**WHAT THIS TASK INVOLVES**
Begin at the line below that holds "Figure 9 shows" and end at the line that holds "وفاقی وزیر برائےخزانہ", transcribing each line exactly and skipping any picture.

**DATASET CONTENT**
========
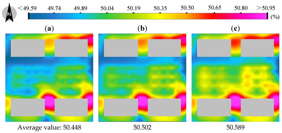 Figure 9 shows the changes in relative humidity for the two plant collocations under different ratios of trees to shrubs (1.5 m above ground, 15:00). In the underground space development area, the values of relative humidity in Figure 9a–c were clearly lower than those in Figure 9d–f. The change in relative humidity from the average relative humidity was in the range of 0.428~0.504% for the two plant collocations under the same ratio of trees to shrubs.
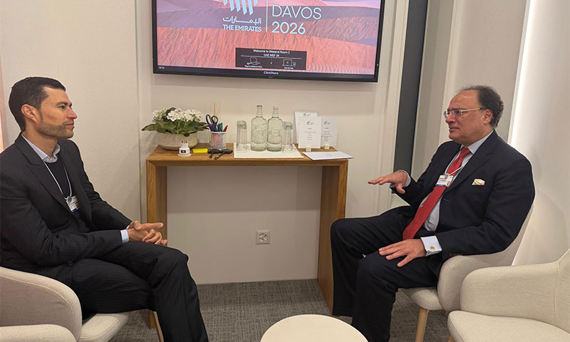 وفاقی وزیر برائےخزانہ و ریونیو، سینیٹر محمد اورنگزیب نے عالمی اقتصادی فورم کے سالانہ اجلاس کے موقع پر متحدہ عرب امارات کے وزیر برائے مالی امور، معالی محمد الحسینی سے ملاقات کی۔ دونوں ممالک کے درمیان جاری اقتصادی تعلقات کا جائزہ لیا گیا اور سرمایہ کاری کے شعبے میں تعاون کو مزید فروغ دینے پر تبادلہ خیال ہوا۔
========
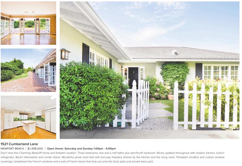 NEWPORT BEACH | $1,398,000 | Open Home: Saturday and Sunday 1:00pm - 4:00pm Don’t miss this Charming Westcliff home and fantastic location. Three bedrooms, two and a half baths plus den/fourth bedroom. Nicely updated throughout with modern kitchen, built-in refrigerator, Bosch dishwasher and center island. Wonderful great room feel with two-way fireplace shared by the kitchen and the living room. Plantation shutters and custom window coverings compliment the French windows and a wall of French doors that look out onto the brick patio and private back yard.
========
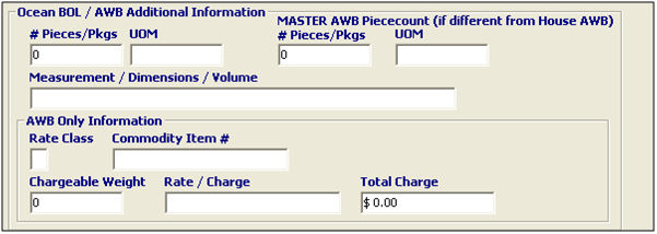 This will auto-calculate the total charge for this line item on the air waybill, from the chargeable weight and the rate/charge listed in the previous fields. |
========
**ANSWER TO THIS EXERCISE**
 Figure 9 shows the changes in relative humidity for the two plant collocations under different ratios of trees to shrubs (1.5 m above ground, 15:00). In the underground space development area, the values of relative humidity in Figure 9a–c were clearly lower than those in Figure 9d–f. The change in relative humidity from the average relative humidity was in the range of 0.428~0.504% for the two plant collocations under the same ratio of trees to shrubs.
 وفاقی وزیر برائےخزانہ و ریونیو، سینیٹر محمد اورنگزیب نے عالمی اقتصادی فورم کے سالانہ اجلاس کے موقع پر متحدہ عرب امارات کے وزیر برائے مالی امور، معالی محمد الحسینی سے ملاقات کی۔ دونوں ممالک کے درمیان جاری اقتصادی تعلقات کا جائزہ لیا گیا اور سرمایہ کاری کے شعبے میں تعاون کو مزید فروغ دینے پر تبادلہ خیال ہوا۔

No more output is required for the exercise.